Instructions for the task
Would you repeat each line below precisely as it stands?

Data shown
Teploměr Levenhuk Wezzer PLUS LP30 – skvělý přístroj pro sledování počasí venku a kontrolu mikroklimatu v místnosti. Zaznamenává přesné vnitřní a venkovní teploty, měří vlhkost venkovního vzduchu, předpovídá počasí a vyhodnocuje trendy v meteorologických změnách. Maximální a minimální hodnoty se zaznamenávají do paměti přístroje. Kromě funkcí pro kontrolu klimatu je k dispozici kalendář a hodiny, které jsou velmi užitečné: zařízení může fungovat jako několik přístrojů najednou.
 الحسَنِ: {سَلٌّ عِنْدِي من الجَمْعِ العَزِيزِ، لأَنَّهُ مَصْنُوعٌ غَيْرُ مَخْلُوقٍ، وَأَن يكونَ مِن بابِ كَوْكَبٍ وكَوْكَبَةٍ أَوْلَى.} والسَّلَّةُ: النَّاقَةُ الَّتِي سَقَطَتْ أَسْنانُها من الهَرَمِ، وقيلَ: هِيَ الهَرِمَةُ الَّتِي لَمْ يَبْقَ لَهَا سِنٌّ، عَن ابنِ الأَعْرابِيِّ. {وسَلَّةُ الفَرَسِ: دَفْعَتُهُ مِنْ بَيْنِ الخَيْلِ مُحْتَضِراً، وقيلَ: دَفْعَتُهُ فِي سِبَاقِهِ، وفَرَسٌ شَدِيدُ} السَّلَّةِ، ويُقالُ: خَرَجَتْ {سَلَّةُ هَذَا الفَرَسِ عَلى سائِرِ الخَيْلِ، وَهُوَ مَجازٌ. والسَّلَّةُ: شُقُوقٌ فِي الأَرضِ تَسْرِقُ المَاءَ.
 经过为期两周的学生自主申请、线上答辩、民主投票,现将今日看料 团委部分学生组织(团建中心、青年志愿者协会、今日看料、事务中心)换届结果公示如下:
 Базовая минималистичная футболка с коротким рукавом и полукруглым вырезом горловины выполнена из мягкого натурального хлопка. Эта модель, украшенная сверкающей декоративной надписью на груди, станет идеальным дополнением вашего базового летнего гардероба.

Written response
Teploměr Levenhuk Wezzer PLUS LP30 – skvělý přístroj pro sledování počasí venku a kontrolu mikroklimatu v místnosti. Zaznamenává přesné vnitřní a venkovní teploty, měří vlhkost venkovního vzduchu, předpovídá počasí a vyhodnocuje trendy v meteorologických změnách. Maximální a minimální hodnoty se zaznamenávají do paměti přístroje. Kromě funkcí pro kontrolu klimatu je k dispozici kalendář a hodiny, které jsou velmi užitečné: zařízení může fungovat jako několik přístrojů najednou.
 الحسَنِ: {سَلٌّ عِنْدِي من الجَمْعِ العَزِيزِ، لأَنَّهُ مَصْنُوعٌ غَيْرُ مَخْلُوقٍ، وَأَن يكونَ مِن بابِ كَوْكَبٍ وكَوْكَبَةٍ أَوْلَى.} والسَّلَّةُ: النَّاقَةُ الَّتِي سَقَطَتْ أَسْنانُها من الهَرَمِ، وقيلَ: هِيَ الهَرِمَةُ الَّتِي لَمْ يَبْقَ لَهَا سِنٌّ، عَن ابنِ الأَعْرابِيِّ. {وسَلَّةُ الفَرَسِ: دَفْعَتُهُ مِنْ بَيْنِ الخَيْلِ مُحْتَضِراً، وقيلَ: دَفْعَتُهُ فِي سِبَاقِهِ، وفَرَسٌ شَدِيدُ} السَّلَّةِ، ويُقالُ: خَرَجَتْ {سَلَّةُ هَذَا الفَرَسِ عَلى سائِرِ الخَيْلِ، وَهُوَ مَجازٌ. والسَّلَّةُ: شُقُوقٌ فِي الأَرضِ تَسْرِقُ المَاءَ.
 经过为期两周的学生自主申请、线上答辩、民主投票,现将今日看料 团委部分学生组织(团建中心、青年志愿者协会、今日看料、事务中心)换届结果公示如下:
 Базовая минималистичная футболка с коротким рукавом и полукруглым вырезом горловины выполнена из мягкого натурального хлопка. Эта модель, украшенная сверкающей декоративной надписью на груди, станет идеальным дополнением вашего базового летнего гардероба.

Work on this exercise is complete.